For anyone who has watched Obama campaign for a second term this year, the phrase is old hat — part of the president’s seemingly self-effacing acknowledgment that he has, is and will continue to make mistakes but that he does so in the service of trying to do the right thing.
But the now-familiar phrase took on a different — and more troubling — meaning for the president in the debate as it capped a decidedly desultory performance that left even his most loyal allies wondering what was wrong with him.
Obama’s debate performance also raised a bigger question: Is he overrated as a candidate?

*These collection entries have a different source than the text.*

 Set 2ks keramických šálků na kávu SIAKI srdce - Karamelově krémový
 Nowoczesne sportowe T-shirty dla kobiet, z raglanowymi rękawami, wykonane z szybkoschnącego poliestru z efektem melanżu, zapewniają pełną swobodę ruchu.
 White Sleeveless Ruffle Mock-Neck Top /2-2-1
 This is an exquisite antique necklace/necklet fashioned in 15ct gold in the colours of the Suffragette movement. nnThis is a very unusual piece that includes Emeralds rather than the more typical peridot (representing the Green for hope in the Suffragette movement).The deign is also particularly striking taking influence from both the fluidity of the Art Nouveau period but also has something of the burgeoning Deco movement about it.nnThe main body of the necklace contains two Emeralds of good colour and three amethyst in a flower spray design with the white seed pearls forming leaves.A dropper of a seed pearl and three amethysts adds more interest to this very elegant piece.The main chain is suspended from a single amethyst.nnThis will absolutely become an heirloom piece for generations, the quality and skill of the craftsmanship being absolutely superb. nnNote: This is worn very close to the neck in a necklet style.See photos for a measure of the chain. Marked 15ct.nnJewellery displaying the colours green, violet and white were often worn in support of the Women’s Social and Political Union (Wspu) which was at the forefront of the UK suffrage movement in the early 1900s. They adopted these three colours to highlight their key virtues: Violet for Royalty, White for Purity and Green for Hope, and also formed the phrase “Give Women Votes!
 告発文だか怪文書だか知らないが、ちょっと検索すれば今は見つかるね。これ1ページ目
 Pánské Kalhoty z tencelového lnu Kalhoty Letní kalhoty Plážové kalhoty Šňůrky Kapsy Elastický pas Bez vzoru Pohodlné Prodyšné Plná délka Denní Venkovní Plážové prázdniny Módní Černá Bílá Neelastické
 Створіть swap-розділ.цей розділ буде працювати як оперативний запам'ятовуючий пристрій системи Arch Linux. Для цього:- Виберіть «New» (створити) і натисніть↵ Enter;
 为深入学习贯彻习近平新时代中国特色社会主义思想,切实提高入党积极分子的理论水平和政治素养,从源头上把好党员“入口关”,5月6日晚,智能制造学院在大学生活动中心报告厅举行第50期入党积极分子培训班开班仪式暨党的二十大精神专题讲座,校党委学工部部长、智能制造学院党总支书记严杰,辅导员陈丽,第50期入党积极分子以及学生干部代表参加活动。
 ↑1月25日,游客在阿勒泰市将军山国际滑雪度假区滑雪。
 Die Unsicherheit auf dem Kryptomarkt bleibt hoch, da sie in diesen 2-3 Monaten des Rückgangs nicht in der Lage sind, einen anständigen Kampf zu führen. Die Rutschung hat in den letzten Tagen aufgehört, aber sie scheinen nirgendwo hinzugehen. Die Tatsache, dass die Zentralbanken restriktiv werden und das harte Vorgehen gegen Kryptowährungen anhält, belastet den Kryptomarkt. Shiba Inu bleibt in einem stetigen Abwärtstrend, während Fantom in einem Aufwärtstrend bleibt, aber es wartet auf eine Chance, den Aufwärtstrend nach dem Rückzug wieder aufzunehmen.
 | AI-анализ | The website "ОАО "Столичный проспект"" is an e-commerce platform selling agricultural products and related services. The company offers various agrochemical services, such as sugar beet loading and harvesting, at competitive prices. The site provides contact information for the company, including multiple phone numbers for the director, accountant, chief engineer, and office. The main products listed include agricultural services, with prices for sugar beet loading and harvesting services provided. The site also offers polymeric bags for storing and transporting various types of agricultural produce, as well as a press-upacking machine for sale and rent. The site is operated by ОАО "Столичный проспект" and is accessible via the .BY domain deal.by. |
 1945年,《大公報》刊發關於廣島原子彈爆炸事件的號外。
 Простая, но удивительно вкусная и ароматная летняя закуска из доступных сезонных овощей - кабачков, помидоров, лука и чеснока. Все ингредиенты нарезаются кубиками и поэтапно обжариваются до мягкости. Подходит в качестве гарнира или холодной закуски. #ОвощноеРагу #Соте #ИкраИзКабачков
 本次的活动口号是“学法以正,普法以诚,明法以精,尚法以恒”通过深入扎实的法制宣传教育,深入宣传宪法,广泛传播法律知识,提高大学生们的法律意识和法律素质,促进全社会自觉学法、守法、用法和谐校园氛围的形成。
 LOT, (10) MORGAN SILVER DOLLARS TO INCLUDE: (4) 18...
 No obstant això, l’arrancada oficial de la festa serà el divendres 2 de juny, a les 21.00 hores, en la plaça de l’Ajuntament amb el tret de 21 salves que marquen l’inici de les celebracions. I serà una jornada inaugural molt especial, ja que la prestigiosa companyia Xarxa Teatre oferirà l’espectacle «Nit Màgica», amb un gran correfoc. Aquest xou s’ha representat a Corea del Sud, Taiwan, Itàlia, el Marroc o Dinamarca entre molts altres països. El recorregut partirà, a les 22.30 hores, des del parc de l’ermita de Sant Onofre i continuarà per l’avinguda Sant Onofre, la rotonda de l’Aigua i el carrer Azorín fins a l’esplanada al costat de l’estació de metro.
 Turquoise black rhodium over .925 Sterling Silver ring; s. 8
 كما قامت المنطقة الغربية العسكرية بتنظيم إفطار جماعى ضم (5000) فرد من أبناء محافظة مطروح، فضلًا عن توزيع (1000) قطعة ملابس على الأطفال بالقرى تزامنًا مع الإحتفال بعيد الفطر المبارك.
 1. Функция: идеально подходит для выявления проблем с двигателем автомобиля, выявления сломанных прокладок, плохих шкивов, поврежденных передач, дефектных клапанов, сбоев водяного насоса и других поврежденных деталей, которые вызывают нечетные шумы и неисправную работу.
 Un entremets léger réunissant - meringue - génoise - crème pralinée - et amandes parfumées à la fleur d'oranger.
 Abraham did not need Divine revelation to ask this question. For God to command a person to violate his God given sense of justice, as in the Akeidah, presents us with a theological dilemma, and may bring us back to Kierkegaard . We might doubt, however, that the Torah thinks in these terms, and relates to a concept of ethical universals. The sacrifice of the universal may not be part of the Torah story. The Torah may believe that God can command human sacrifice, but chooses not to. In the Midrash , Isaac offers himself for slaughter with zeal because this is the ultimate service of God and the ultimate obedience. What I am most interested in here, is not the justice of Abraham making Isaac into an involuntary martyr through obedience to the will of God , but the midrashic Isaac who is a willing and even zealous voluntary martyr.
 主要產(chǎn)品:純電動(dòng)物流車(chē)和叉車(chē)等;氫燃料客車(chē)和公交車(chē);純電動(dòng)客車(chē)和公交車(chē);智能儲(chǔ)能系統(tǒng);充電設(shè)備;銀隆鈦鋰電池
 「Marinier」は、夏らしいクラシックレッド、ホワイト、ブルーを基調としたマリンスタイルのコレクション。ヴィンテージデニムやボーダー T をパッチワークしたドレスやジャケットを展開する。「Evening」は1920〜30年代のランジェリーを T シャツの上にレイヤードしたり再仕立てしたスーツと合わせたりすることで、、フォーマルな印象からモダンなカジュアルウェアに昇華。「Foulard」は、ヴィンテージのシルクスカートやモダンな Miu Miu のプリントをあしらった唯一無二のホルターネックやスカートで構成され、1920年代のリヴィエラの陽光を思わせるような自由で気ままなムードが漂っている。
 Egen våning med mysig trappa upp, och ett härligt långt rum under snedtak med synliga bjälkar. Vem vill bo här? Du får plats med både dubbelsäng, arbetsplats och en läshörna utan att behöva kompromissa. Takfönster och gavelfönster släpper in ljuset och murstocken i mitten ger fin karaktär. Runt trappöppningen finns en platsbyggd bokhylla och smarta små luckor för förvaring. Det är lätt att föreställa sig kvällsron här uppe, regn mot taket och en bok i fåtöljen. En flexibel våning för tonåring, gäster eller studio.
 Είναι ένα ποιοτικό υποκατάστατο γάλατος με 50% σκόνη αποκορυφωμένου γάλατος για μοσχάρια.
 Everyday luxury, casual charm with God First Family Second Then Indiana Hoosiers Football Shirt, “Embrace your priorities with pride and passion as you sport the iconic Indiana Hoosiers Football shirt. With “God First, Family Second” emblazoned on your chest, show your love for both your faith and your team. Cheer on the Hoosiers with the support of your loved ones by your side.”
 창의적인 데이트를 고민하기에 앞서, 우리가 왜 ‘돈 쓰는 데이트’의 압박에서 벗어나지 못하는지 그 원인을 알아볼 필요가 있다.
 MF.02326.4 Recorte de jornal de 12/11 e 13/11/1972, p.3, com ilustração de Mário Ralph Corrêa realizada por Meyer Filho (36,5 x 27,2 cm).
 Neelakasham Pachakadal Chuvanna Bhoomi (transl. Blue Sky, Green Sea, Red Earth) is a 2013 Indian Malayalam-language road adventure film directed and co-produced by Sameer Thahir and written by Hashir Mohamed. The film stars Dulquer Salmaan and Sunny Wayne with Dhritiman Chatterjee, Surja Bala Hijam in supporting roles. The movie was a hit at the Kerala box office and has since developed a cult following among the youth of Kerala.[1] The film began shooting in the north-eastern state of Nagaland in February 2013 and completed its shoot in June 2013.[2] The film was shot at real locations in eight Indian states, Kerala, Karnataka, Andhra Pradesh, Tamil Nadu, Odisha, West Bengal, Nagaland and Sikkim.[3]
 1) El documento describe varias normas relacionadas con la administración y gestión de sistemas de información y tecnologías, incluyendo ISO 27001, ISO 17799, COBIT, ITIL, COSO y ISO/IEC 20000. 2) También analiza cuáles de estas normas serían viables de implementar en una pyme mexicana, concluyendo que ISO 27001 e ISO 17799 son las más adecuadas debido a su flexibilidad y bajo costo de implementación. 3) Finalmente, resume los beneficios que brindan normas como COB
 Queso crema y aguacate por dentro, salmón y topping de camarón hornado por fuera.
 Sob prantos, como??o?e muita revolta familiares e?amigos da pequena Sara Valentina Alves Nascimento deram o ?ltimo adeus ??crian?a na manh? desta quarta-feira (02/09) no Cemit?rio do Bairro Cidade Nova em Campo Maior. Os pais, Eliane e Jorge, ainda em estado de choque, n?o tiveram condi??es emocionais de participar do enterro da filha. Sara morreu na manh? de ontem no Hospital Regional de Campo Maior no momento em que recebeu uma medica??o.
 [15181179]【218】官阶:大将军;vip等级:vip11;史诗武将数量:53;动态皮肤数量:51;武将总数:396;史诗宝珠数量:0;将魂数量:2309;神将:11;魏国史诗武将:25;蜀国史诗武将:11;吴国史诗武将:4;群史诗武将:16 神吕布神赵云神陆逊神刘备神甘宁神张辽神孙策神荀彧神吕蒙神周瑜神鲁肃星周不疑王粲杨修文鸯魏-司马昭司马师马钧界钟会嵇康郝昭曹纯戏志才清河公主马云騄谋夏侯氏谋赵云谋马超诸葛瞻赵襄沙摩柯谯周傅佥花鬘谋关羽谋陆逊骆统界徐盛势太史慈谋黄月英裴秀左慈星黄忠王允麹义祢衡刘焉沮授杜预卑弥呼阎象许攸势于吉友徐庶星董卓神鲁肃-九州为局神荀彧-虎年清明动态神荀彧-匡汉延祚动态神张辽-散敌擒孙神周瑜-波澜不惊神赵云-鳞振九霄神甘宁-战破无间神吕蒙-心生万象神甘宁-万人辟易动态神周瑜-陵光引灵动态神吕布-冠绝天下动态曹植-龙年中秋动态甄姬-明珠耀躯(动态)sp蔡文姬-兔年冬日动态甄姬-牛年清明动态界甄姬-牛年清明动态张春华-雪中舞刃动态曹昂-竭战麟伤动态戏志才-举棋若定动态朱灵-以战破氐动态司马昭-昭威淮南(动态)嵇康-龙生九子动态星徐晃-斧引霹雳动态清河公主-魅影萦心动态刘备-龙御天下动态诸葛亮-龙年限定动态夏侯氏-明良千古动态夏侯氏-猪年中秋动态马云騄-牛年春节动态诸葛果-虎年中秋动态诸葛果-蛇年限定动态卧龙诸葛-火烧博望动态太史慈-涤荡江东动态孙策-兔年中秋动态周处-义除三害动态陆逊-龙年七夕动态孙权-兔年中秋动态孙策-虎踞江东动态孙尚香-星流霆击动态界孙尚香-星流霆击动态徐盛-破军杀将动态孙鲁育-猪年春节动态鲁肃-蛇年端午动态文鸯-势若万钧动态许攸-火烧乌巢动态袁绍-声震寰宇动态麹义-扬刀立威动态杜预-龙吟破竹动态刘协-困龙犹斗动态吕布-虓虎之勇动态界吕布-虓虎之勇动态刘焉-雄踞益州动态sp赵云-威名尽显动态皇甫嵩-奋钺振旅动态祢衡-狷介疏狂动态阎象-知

Four years ago, that question would have been unimaginable. After all, this was a man who in his first run for national office not only outmaneuvered the Clinton family to win the Democratic presidential nomination but also went on to claim a 365-electoral-vote general-election landslide against Sen. John McCain (R-Ariz). And, oh by the way, Obama did all that while raising $750 million (including $500 million online) — a sum that shattered all fundraising records.
He beat the second string Clinton and the 72-year-old McCain and he sucked up a whole lot of Wall Street cash!
Let me make a prediction: Obama will do better and Romney worse in the next debate, as regression toward the mean kicks in.
Let me make another prediction: the reasons Obama went from nobody to President in four years without actually doing anything—recall that it took Ulysses S. Grant eight years to go from nobody to President, during which he took Vicksburg—will continue to go unexplored.